The fact that switching from a for to a forall hurts your timings so much seems a little suspicious to me, where my head goes to it being related to the oversubscription. When time permits, I'm going to see if I can create a reproducer (unless you have one handy that I can use) and see what happens in a non-oversubscribed setting.

-Brad

Not a direct answer to the performance difference here, but I'll just note that these are rank-change views, not slice views. It wouldn't surprise me if rank-changes are less optimized compared to slices both in terms of creation and bulk communication.

@bradcray sorry about that, I totally forgot to answer it! All arrays are local, i.e. in the code snippets which I'm showing there is no communication involved. However, I have multiple locales operating on different buffers and that's where time per locale comes from.

I'm afraid I don't have a small piece of code to share which is readily available. I did just try to run with one locale and CHPL_RT_NUM_THREADS_PER_LOCALE=4 such that there is one qthread running per physical core, and forall loop still has huge effect on performance.

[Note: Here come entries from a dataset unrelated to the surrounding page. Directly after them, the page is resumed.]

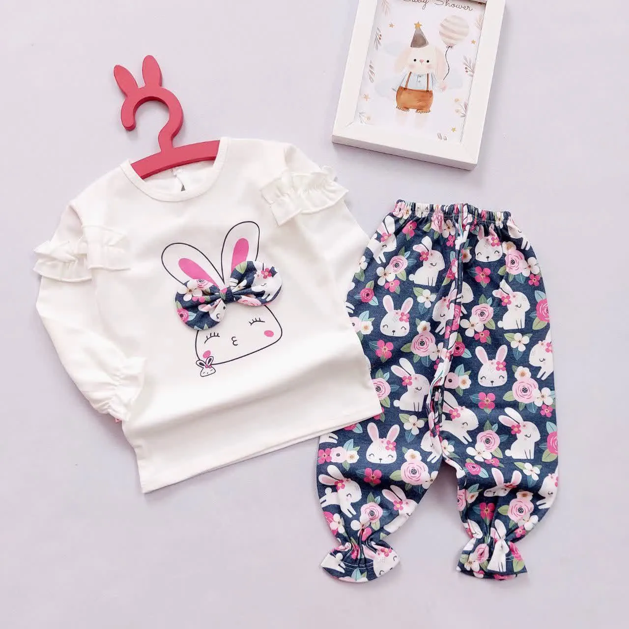 بلوز شلوار دخترانه طرح خرگوش پاپیونی آستین چین دار جنس پنبه لطیف
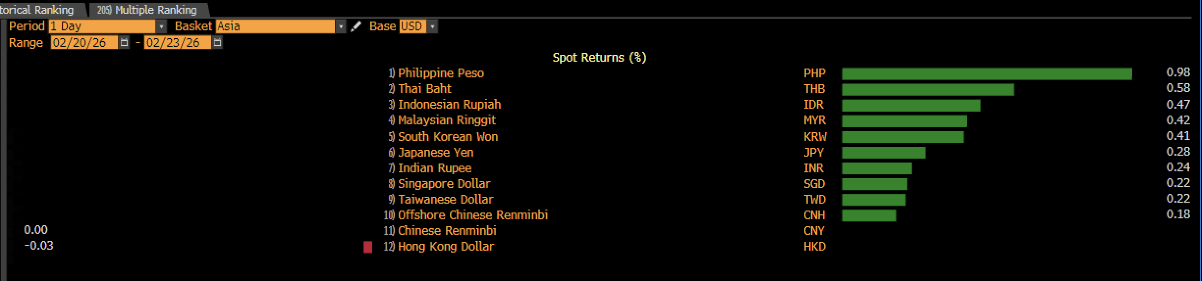 Ketidakpastian kebijakan perdagangan ini kemudian membatasi laju penguatan bagi dolar AS dan mengerek sejumlah mata uang Asia ke zona hijau. Penguatan mata uang Asia dipimpin oleh peso Filipina yang menguat 0,98%, disusul baht Thailand 0,58%, lalu Indonesia di posisi ketiga dengan penguatan 0,47%. Berada di posisi ketiga terbaik di Benua Kuning, rupiah masuk 'podium'.
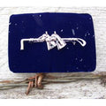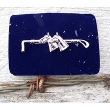 English riding crop with double silver horseheads. Measures 2 5/16" across. Beautiful detail on this pin!

@bradcray I have an example for you to play with:

use Time;
use Random;

config const N = 100000;
config const M = 8;
config const iterations = 100;
config param algorithm = 0;

proc distributeBasedOnHash(const ref array : [?D] ?eltType,
                            const ref hashes : [] int,
                            ref timer : Timer) where (D.rank == 2) {
  const numVectors = D.dim(0).size;
  const size = D.dim(1).size;
  var buffer : [0 .. numLocales - 1, 0 .. size - 1, 0 .. numVectors - 1] eltType = noinit;
  var offsets : [LocaleSpace] int;
  for i in 0 .. size - 1 {
    const hash = hashes[i];
    timer.start();
    if (algorithm == 0) {
      for k in 0 .. numVectors - 1 {
        buffer[hash, offsets[hash], k] = array[k, i];
      }
    }
    else if (algorithm == 1) {
      forall k in 0 .. numVectors - 1 {
        buffer[hash, offsets[hash], k] = array[k, i];
      }
    }
    else {
      assert(false);
    }
    timer.stop();
    offsets[hash] += 1;
  }
  return (buffer, offsets);
}

proc main() {
  var array : [0 ..# M, 0 ..# N] real;
  var hashes : [0 ..# N] int;
  fillRandom(hashes);
  hashes %= numLocales;

  var timer = new Timer();
  var (buffer, offsets) = distributeBasedOnHash(array, hashes, timer);
  writeln("Took ", timer.elapsed());
}

then on my laptop I get:

CHPL_TARGET_CPU=native chpl --fast -s algorithm=0 -o copying copying.chpl
CHPL_RT_NUM_THREADS_PER_LOCALE=4 ./copying -nl 1
# ==> 0.014
CHPL_TARGET_CPU=native chpl --fast -s algorithm=1 -o copying copying.chpl
CHPL_RT_NUM_THREADS_PER_LOCALE=4 ./copying -nl 1
# ==> 0.16

Oh, that's a really good point Engin, I'd completely overlooked that. Indexing into rank-change arrays currently is definitely more expensive, I believe. So a thing to try then as another point of comparison might be:

const off = localOffsets[hash];
localBuffer[hash..hash, off..off, ..] = arrayChunk[.., i..i];

-Brad

Hm... it does not compile: rank mismatch in array assignment

Oh shoot, you're right, I'm multitasking too much.